PROBLEM DETAILS:
A verbatim copy of the full data, with no pictures, is the expected answer.
───── INPUT
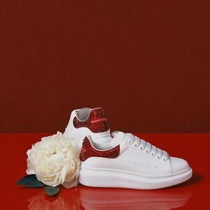 Alexander McQueen has unveiled a special capsule collection to celebrate the upcoming Lunar New Year. Principally characterised by red, famously the colour of good fortune, iconic pieces including The Curve and Curve Mini bags - in metallic leather and set with crystals- and the Oversized Sneaker set with crystals again or in classic white leather with a contrast red back feature.
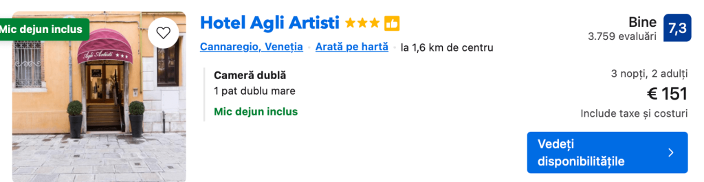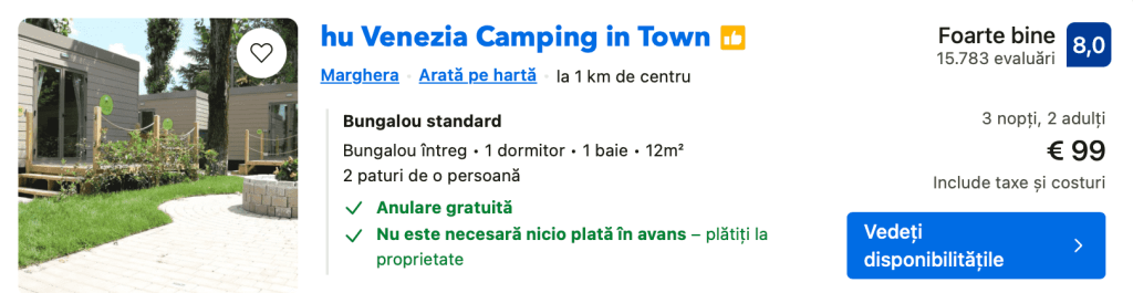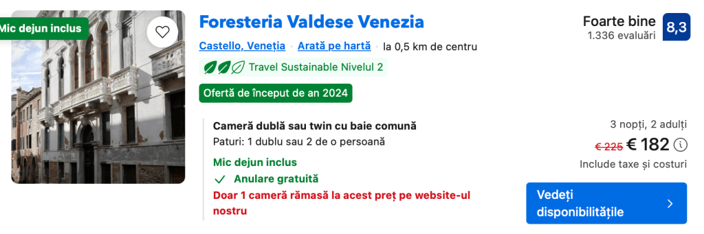 Vă prezentăm cea mai ieftină vacanță în Veneția de 3 zile disponibilă în Ianuarie. Biletul de avion este 26€/pers dar dacă cumpărați biletele direct de pe Wizz Air și activați WIZZ Discount Club prețul este doar de 20€/pers. Pentru fiecare perioadă sunt disponibile 3 variante de cazare cea mai ieftină fiind doar 50€/pers și dacă aveți Booking Genius beneficiați de o reducere suplimentară la unele cazări.
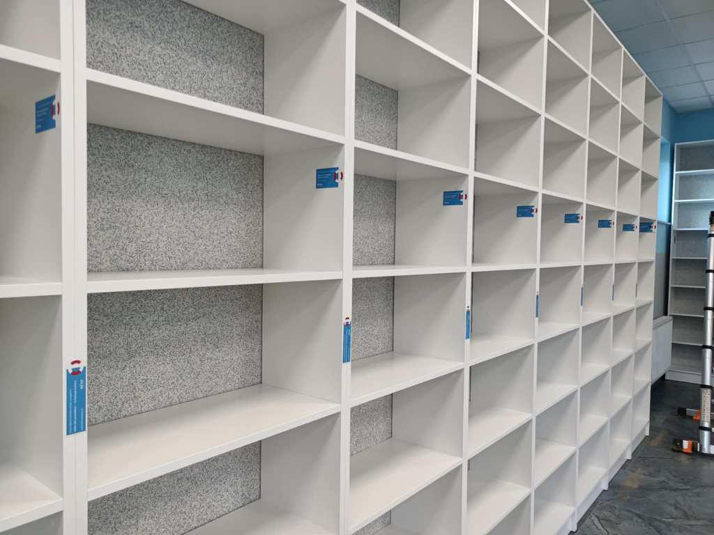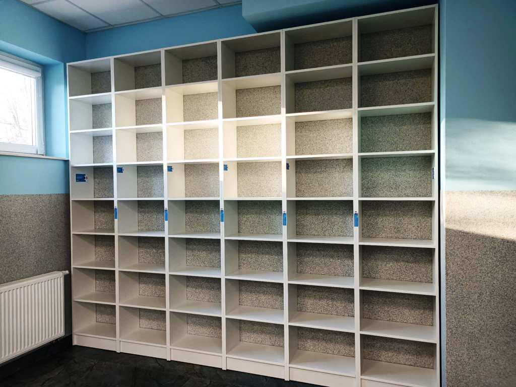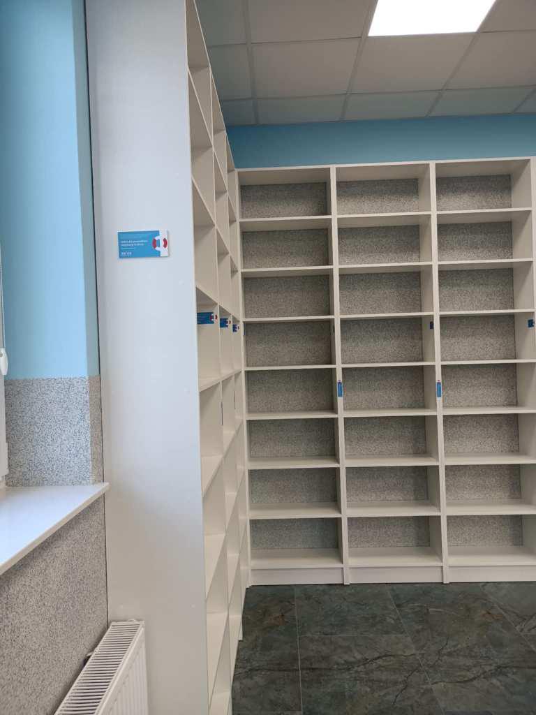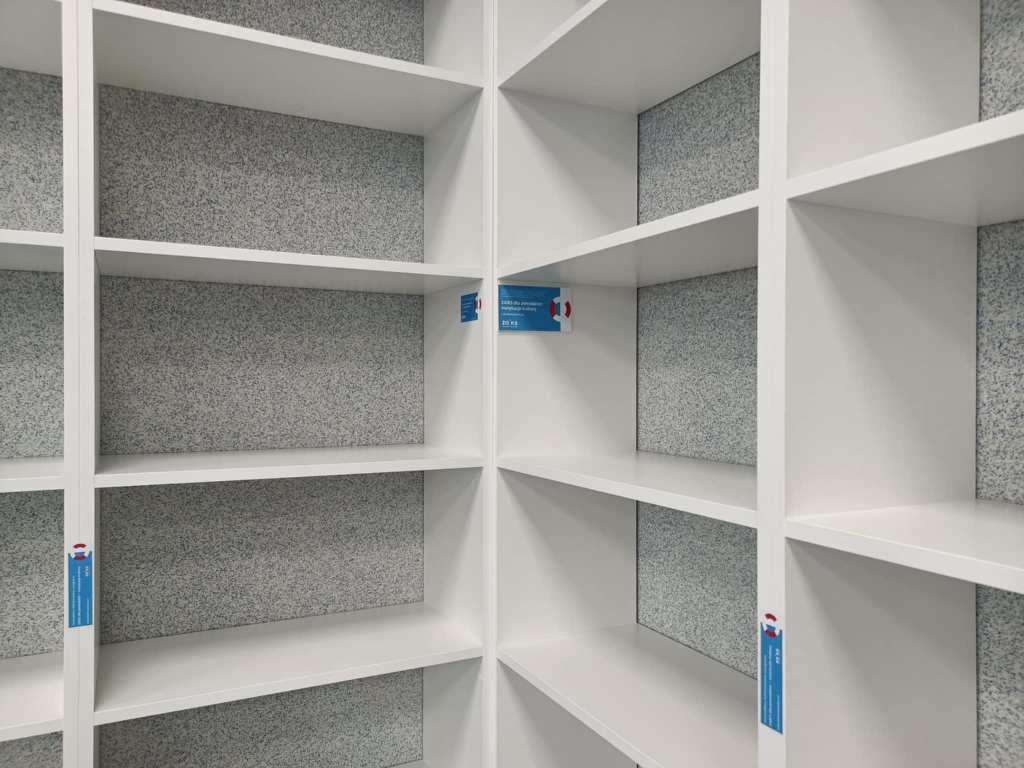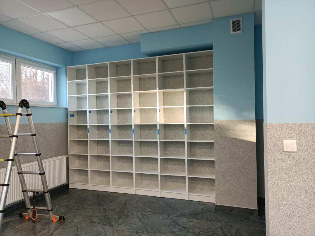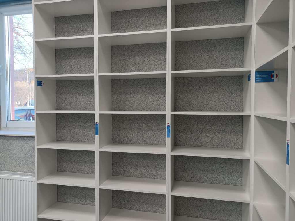Regały zostały zaprojektowane tak, aby maksymalnie wykorzystać przestrzeń i zapewnić łatwy dostęp do księgozbioru. Ich jasna kolorystyka i ergonomiczna konstrukcja nadały wnętrzu świeżości, a jednocześnie podkreśliły nowy początek po trudnym doświadczeniu.
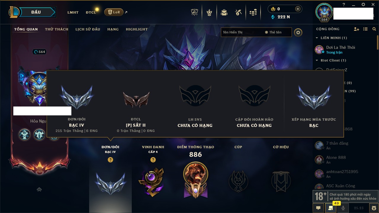 Rank Đơn: Bạc IIKhung: VàngTướng: 171 - Còn 332462 THXTrang Phục: 165Rank ĐTCL: Kim Cương IVLinh Thú: 181
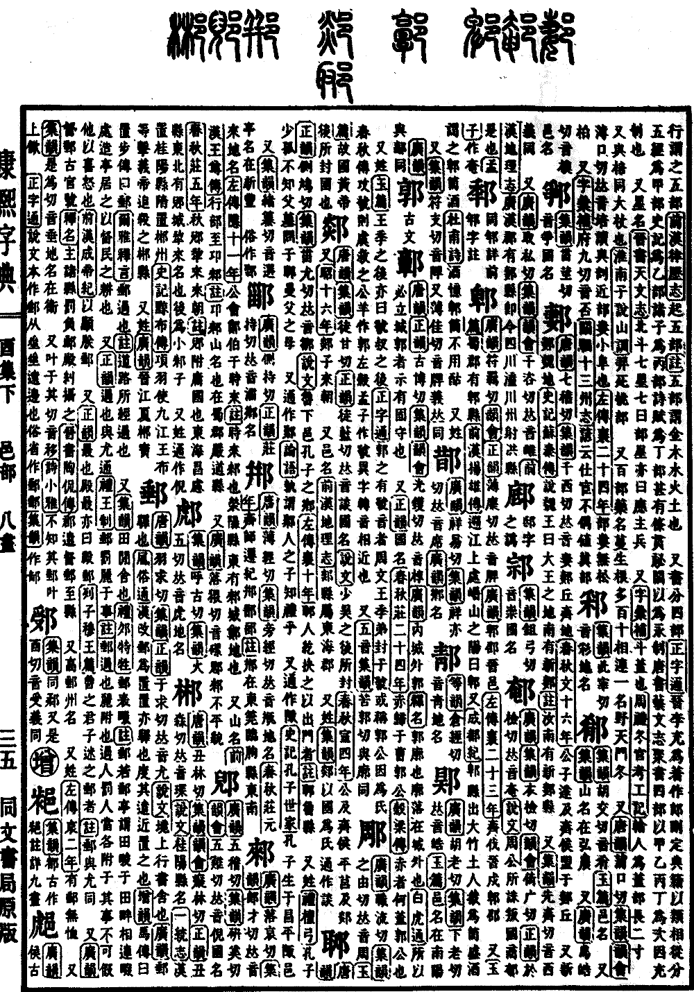 〔古文〕𨟍《唐韵》《正韵》古博切《集韵》《韵会》光镬切,𠀤音椁。《广韵》内城外郭。《释名》郭,廓也。廓落在城外也。《白虎通》所以必立城郭者,示有固守也。 又《正韵》国名。《春秋·庄二十四年》赤归于曹郭公。《公羊传》赤者何,盖郭公也。 又姓。《玉篇》王季之后,亦曰虢叔之后。《正字通》郭之有虢音者,周文王季第封于虢,或称郭公,因为氏。《春秋传》:攻虢则虞救之。《公羊》作郭,《左》《谷》《孟子》作虢,异字转音相近也。 又《五音集韵》苦郭切。与廓同。*考证:〔《春秋·庄二十四年》赤归于曹郭公。《穀梁传》赤者何,盖郭公也。〕 谨按赤者何二句出公羊传,穀梁改公羊。
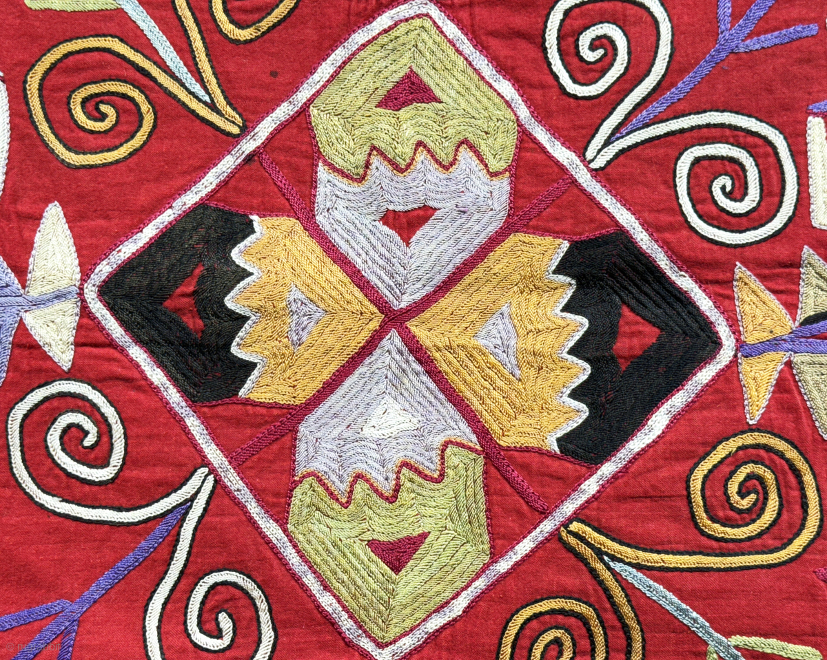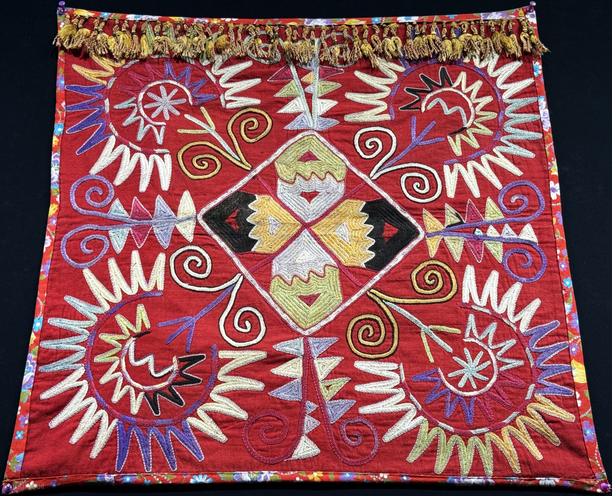 Central Asian Lakai talismanic silk embroidered mirror cover. Saturated natural colors with traditional Lakai Kungrat zoomorphic motifs. Size : 21.5'' x 21'' - ''55 cm x 55 cm'' turkmansilver@gmail.com.
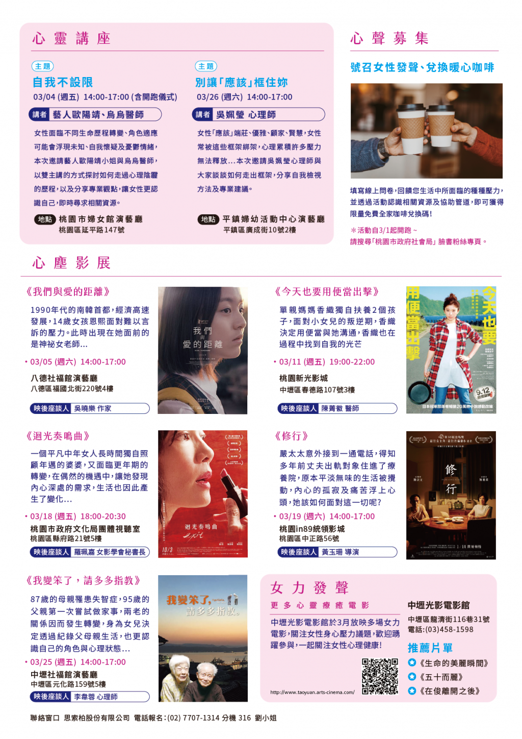 二、 | 近兩年受新冠肺炎疫情影響,國內外調查顯示女性較以往面臨更多的心理壓力,本市111年度婦女節系列活動以關注「女性心理健康」為主軸,透過「桃好妳心 三步驟 1看2聽3享受」辦理心靈講座、心塵影展及心聲募集活動,讓女性了解自身心理狀態,並進一步認識心理健康資源及協助管道。 |
──────────
TASK RESPONSE:
 Alexander McQueen has unveiled a special capsule collection to celebrate the upcoming Lunar New Year. Principally characterised by red, famously the colour of good fortune, iconic pieces including The Curve and Curve Mini bags - in metallic leather and set with crystals- and the Oversized Sneaker set with crystals again or in classic white leather with a contrast red back feature.
 Vă prezentăm cea mai ieftină vacanță în Veneția de 3 zile disponibilă în Ianuarie. Biletul de avion este 26€/pers dar dacă cumpărați biletele direct de pe Wizz Air și activați WIZZ Discount Club prețul este doar de 20€/pers. Pentru fiecare perioadă sunt disponibile 3 variante de cazare cea mai ieftină fiind doar 50€/pers și dacă aveți Booking Genius beneficiați de o reducere suplimentară la unele cazări.
Regały zostały zaprojektowane tak, aby maksymalnie wykorzystać przestrzeń i zapewnić łatwy dostęp do księgozbioru. Ich jasna kolorystyka i ergonomiczna konstrukcja nadały wnętrzu świeżości, a jednocześnie podkreśliły nowy początek po trudnym doświadczeniu.
 Rank Đơn: Bạc IIKhung: VàngTướng: 171 - Còn 332462 THXTrang Phục: 165Rank ĐTCL: Kim Cương IVLinh Thú: 181
 〔古文〕𨟍《唐韵》《正韵》古博切《集韵》《韵会》光镬切,𠀤音椁。《广韵》内城外郭。《释名》郭,廓也。廓落在城外也。《白虎通》所以必立城郭者,示有固守也。 又《正韵》国名。《春秋·庄二十四年》赤归于曹郭公。《公羊传》赤者何,盖郭公也。 又姓。《玉篇》王季之后,亦曰虢叔之后。《正字通》郭之有虢音者,周文王季第封于虢,或称郭公,因为氏。《春秋传》:攻虢则虞救之。《公羊》作郭,《左》《谷》《孟子》作虢,异字转音相近也。 又《五音集韵》苦郭切。与廓同。*考证:〔《春秋·庄二十四年》赤归于曹郭公。《穀梁传》赤者何,盖郭公也。〕 谨按赤者何二句出公羊传,穀梁改公羊。
 Central Asian Lakai talismanic silk embroidered mirror cover. Saturated natural colors with traditional Lakai Kungrat zoomorphic motifs. Size : 21.5'' x 21'' - ''55 cm x 55 cm'' turkmansilver@gmail.com.
 二、 | 近兩年受新冠肺炎疫情影響,國內外調查顯示女性較以往面臨更多的心理壓力,本市111年度婦女節系列活動以關注「女性心理健康」為主軸,透過「桃好妳心 三步驟 1看2聽3享受」辦理心靈講座、心塵影展及心聲募集活動,讓女性了解自身心理狀態,並進一步認識心理健康資源及協助管道。 |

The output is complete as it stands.